WWW: Where, Which and Whatever Enhancing Interpretability in Multimodal Deepfake Detection
This addresses the challenge of detecting dynamic deepfake attacks in real-world scenarios for security and media integrity, representing an incremental improvement with new evaluation methods.
The paper tackles the problem of oversaturated detection accuracies in multimodal deepfake detection by introducing a clip-level benchmark called FakeMix and novel metrics, revealing that state-of-the-art models drop from 94.2% AP at video-level to 53.1% and 52.1% at clip-level.
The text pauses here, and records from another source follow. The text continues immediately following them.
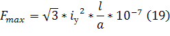 Максимальное усилие действующее на проводник средней фазы:
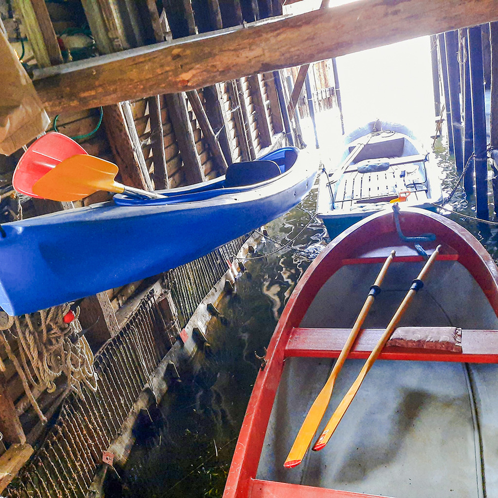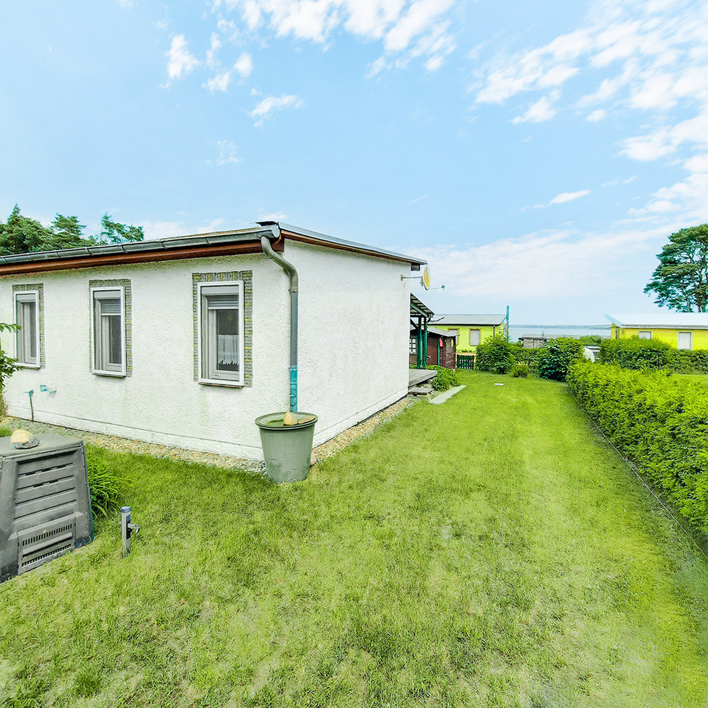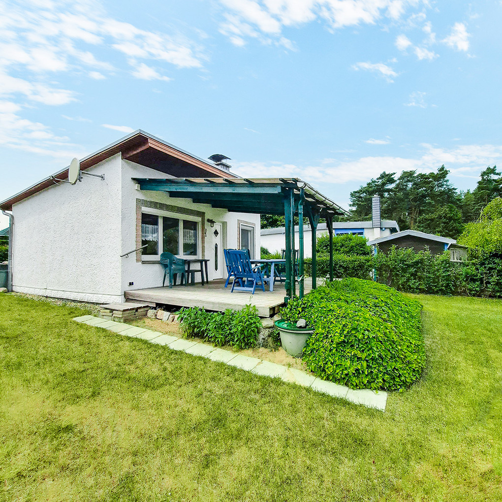 Haus: Freistehender Bungalow mit Kaminofen und Seeblick. Gemütliche Atmosphäre mit Holzvertäfelungen, gepflegte Einrichtung. Heizung über Kaminofen. Nichtraucherhaus. Überdachte Terrasse mit Sitzmöbeln, schönem Wasserblick. Abgeschlossener Garten mit Rasenfläche, Grill. Gartenhaus für Fahrräder. 2 ältere Fahrräder vorhanden. Bootshaus mit Ruderboot (kostenfrei nutzbar). 1 Pkw-Stellplatz vorhanden.
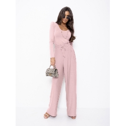 Komplet z wiskozy bluzka i szerokie spodnie AGRA – brudny róż
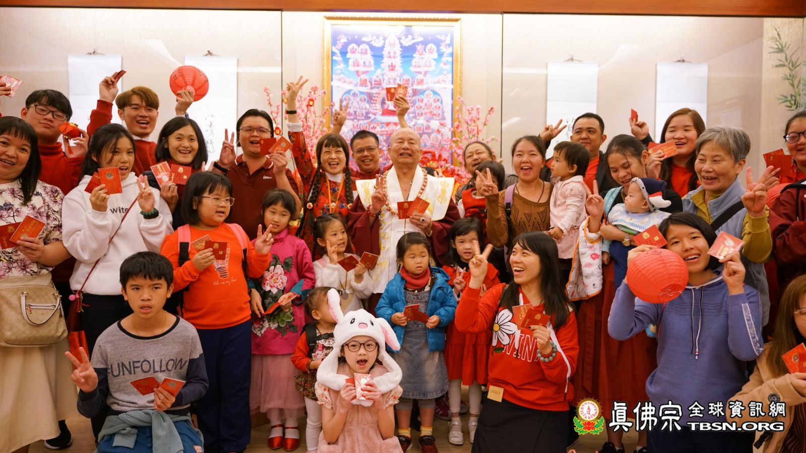 最後,蓮生法王應記者之請為台灣祈福:希望這個豬年,國家整個命運,諸事如意,逢凶化吉,人民和祥,經濟發展;採訪於此告一段落。媒體聯訪結束後,師佛開始發放「大力金剛開運護佑祈福護牌」和「豬年開運吉祥紅包錢母」,領取到護牌和錢母的弟子各個都歡喜鼓舞,感恩頂戴。願所有善信在新年第一天皆獲無上法王和諸佛菩薩的大加持,悉皆滿載而歸,健康平安一整年!

All current benchmarks for multimodal deepfake detection manipulate entire frames using various generation techniques, resulting in oversaturated detection accuracies exceeding 94% at the video-level classification. However, these benchmarks struggle to detect dynamic deepfake attacks with challenging frame-by-frame alterations presented in real-world scenarios. To address this limitation, we introduce FakeMix, a novel clip-level evaluation benchmark aimed at identifying manipulated segments within both video and audio, providing insight into the origins of deepfakes. Furthermore, we propose novel evaluation metrics, Temporal Accuracy (TA) and Frame-wise Discrimination Metric (FDM), to assess the robustness of deepfake detection models. Evaluating state-of-the-art models against diverse deepfake benchmarks, particularly FakeMix, demonstrates the effectiveness of our approach comprehensively. Specifically, while achieving an Average Precision (AP) of 94.2% at the video-level, the evaluation of the existing models at the clip-level using the proposed metrics, TA and FDM, yielded sharp declines in accuracy to 53.1%, and 52.1%, respectively.